Die Europäische Zentralbank senkt ihren wichtigsten Leitzins weiter auf nun auf 3,5 Prozent.
Wirtschaftswoche:
Angesichts der abebbenden Inflation senkt die Europäische Zentralbank (EZB) das Leitzins-Niveau weiter. Nach der geldpolitischen Wende vom Juni legte sie am Donnerstag erstmals nach: Der für die Finanzmärkte maßgebliche Einlagesatz, zu dem Banken bei der EZB kurzfristig überschüssige Gelder anlegen können, wurde von 3,75 auf 3,50 Prozent gekappt.
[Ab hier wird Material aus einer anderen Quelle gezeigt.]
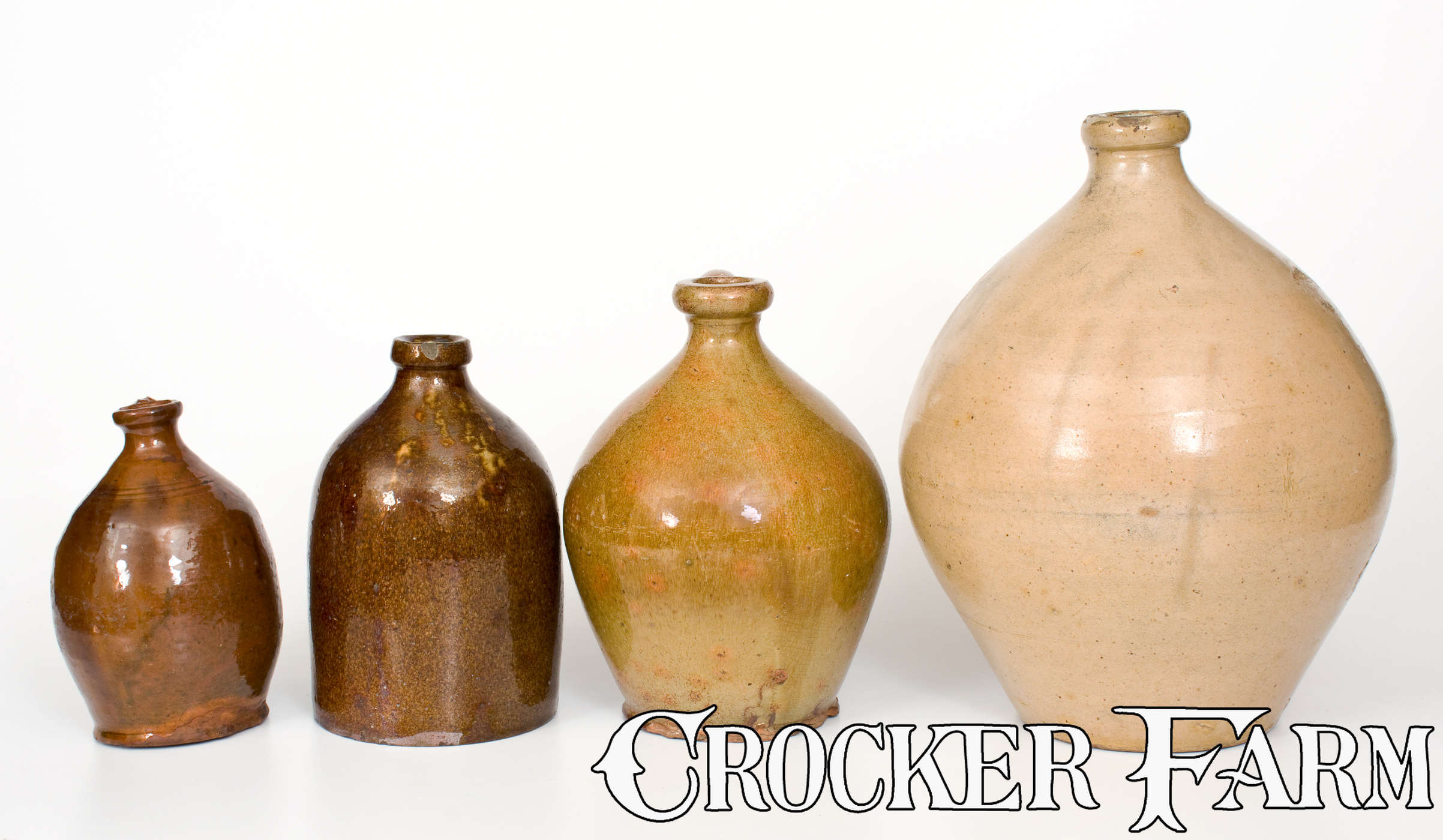 Four Glazed Redware Jugs, Northeastern U.S. origin, second or third quarter 19th century, a large-sized ovoid jug with whitish, lead-base glaze over a light clay ground, probably NY State origin; an ovoid jug with green-and-orange lead-glazed surface, probably NY State origin; a semi-ovoid jug with lead-and-manganese glaze, possibly NY State; and a small, ovoid jug with a mottled orange lead-glazed surface. Smallest with drilled hole in underside, base chips, a spout chip and a few minor spout nicks, wear to midsection, the handle with a chip, a nick, and a 3/4" worn section. Brown-glazed jug with a spout chip, a few very minor spout nicks, and small base chips. Green-and-orange jug with heavy chipping to base and a long circular crack around underside, indicating the base is possibly reglued, as well as a small spout chip and light wear around the midsection. Largest with some small surface flakes and a 1 1/4" crack to reverse of spout, some in-the-firing contact marks to surface, and minor in-the-firing surface fissures at base. H (of smallest) 7 1/2".
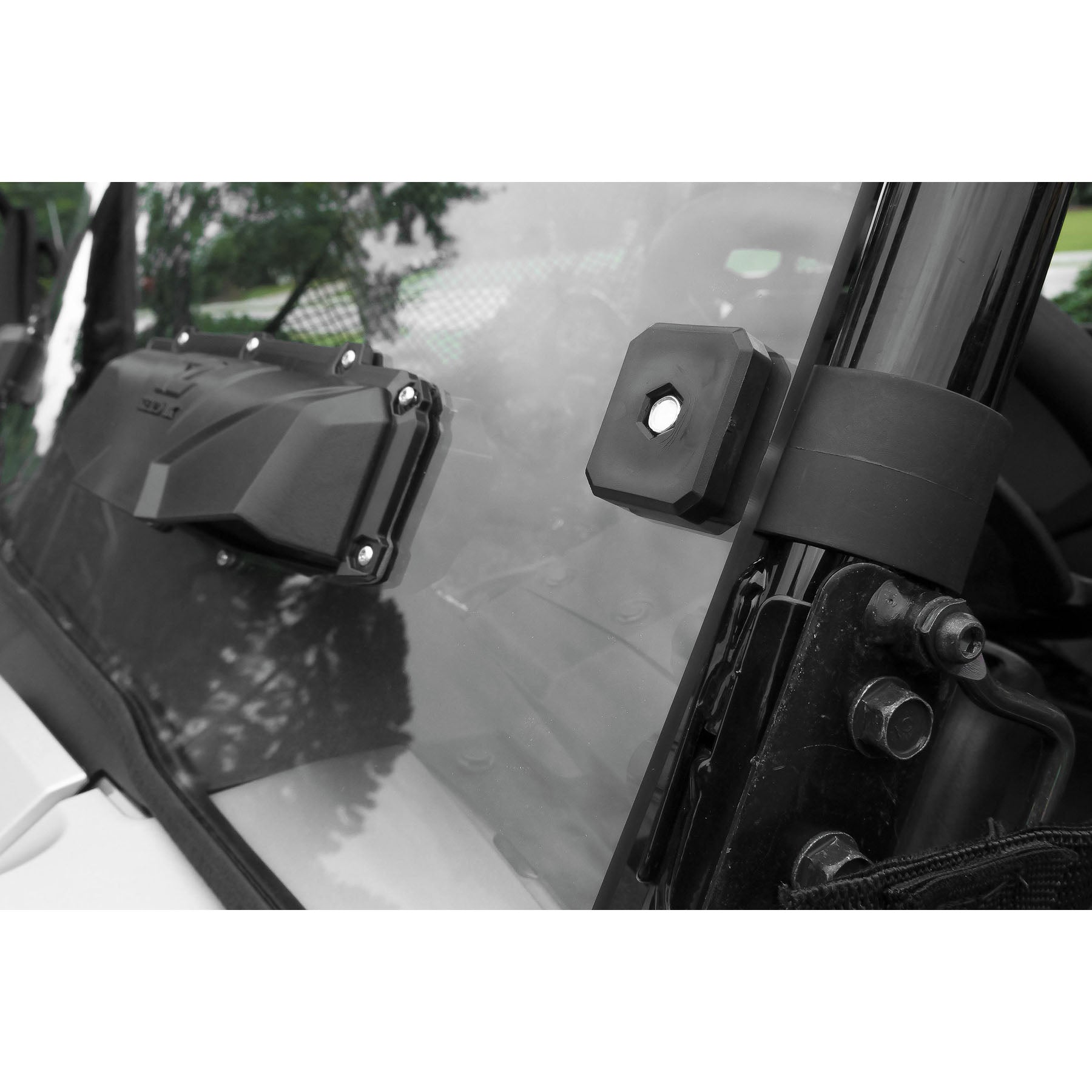 Versa-Vent™ Scratch-Resistant Polycarbonate Windshield by Seizmik®. Material: Double-Sided. Seizmik's VersaVent windshield comes equipped with two cleverly designed vents that let the driver and the passenger independently control the amount and direction of airflow. The VersaVent windshield also features a defog mode. No other windshield offers all these features. The vent is made of glass filled nylon, so it's incredibly durable. The scoop on the front gathers up air off the hood and re-directs it to inside the vehicle so even at very slow speeds there is a surprising amount of air that can come through the vent. The design of the scoop and the gasket between it and the windshield keeps precipitation out while still allowing airflow in-as much or as little as either the driver or passenger desires. When placed in 'defog' mode, the vent directs outside air onto the inside surface of the windshield to prevent fogging. Innovative windshield vents: Made of super-durable glass-filled nylon, Designed with built-in defogging vents, Gasket sealed against water intrusion, Fully adjustable easy-to-use louver for variable airflow, Two vents per windshield.

Zugleich lassen die Währungshüter um EZB-Chefin Christine Lagarde nur wenige Wochen vor der nächsten Sitzung im Oktober offen, wie es geldpolitisch weitergeht: „Der EZB-Rat legt sich nicht im Voraus auf einen bestimmten Zinspfad fest.“
Der Hauptrefinanzierungssatz, zu dem sich Banken Geld leihen können, wird mit dem jüngsten Beschluss um 0,6 Punkte auf 3,65 Prozent verringert. Dass der Schritt nach unten größer ausfällt als beim Einlagesatz, ergibt sich aus bereits im Frühjahr festgezurrten Änderungen am operativen Rahmen der EZB. Damals hatte sie für Mitte September beschlossen, den Abstand zwischen dem Einlage- und dem Hauptrefinanzierungssatz zu verkleinern. Die EZB will damit Anreize zur Teilnahme an ihren wöchentlichen Kreditgeschäften schaffen und zugleich den Umfang von Marktzinsschwankungen begrenzen.